これも政治的なメッセージ性を避けるための措置だそうですね。私は今日ちょっと虹のピンバッジをつけてみて、ここで入室禁止になるかどうかちょっと試してみたんですけど。

武田:なりませんですよ。

マライ:ここに無事に座っているところは、文化放送的には大丈夫だったということになっているんですよね。

でもなんか興味深いですよね。レインボーフラッグというのは確かにどうなんですかね、政治的なものなのか。一応多様性を祝うことを伝統にしてきたユーロビジョン・ソング・コンテストなので、性格的にすごく合うものだとは思うんですけど。

でも禁止なわけなんですね。だからそれがすごく議論になったんですよね。

武田:でもそれ、今いろんなポップミュージックでも、ロックでもラップでもヒップホップでも何でも、割とこうテーマとしてね、そういった多様性を中身に持ち込むってことは多いと思いますけど、そういうのも問われるってことなんですかね、じゃあ。

マライ:問われるみたいですね。
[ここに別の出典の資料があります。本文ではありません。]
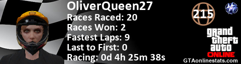 <a href="http://GTAonlinestats.com/showplayer/OliverQueen27"><img src="http://GTAonlinestats.com/racesignature/OliverQueen27/sig.png" alt="OliverQueen27" border="0" /></a>
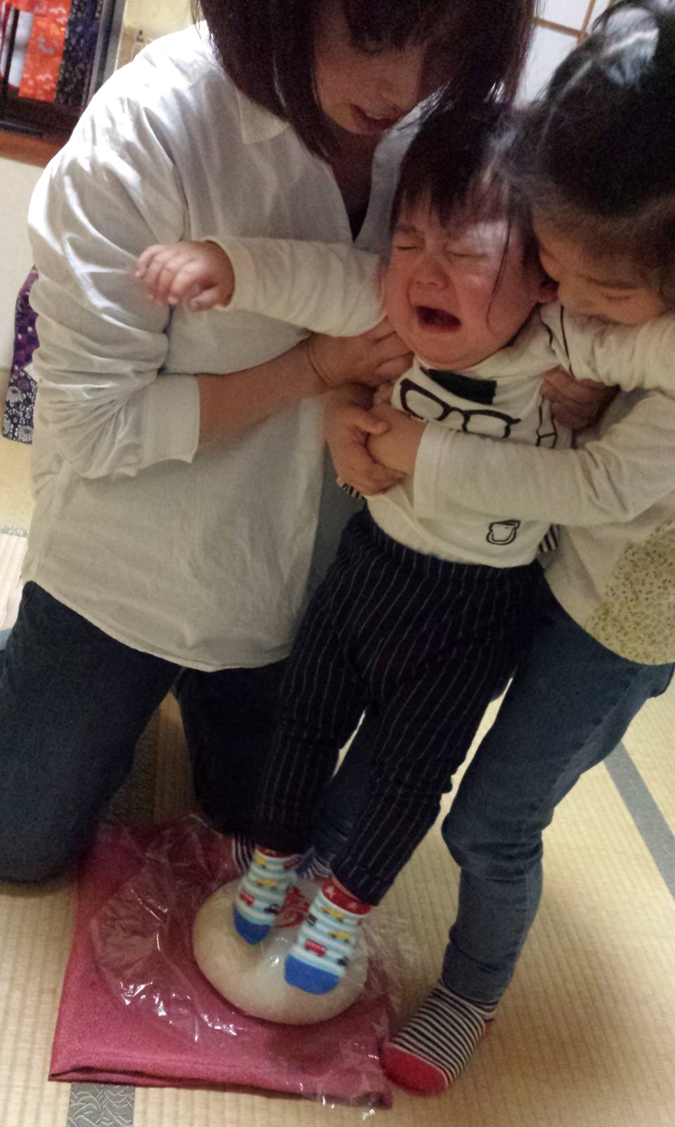 4月で10歳となります。妻と娘に支えられながら一升餅の上に立ち、大泣きしていた息子が今では

だからステージ上ではダメ。なんですけど、観客はOKなんですよ。

武田:観客はOK。

マライ:だから観客みんなレインボーフラッグで応援するっていうのはありなわけなんですよね。だからそれもまたなんかこう、うーん、矛盾っていうね、そんな気しなくもないわけなんですよね。

まあ例えばね、ヨーロッパの参加国が多いわけなんですけど、その性的マイノリティに関してオープンなヨーロッパの西側諸国と、ちょっと性的マイノリティに関してはすごく保守的な東側諸国の分断があるわけなんですね。

だからそこら辺のソングコンテスト上での分断を避けるために、まあなかったことにするのかってことですよね。すごくなんかその、うん、多様性なかったこととか、それでいいんだろうかね、すごく気になるところではあるんですけどね。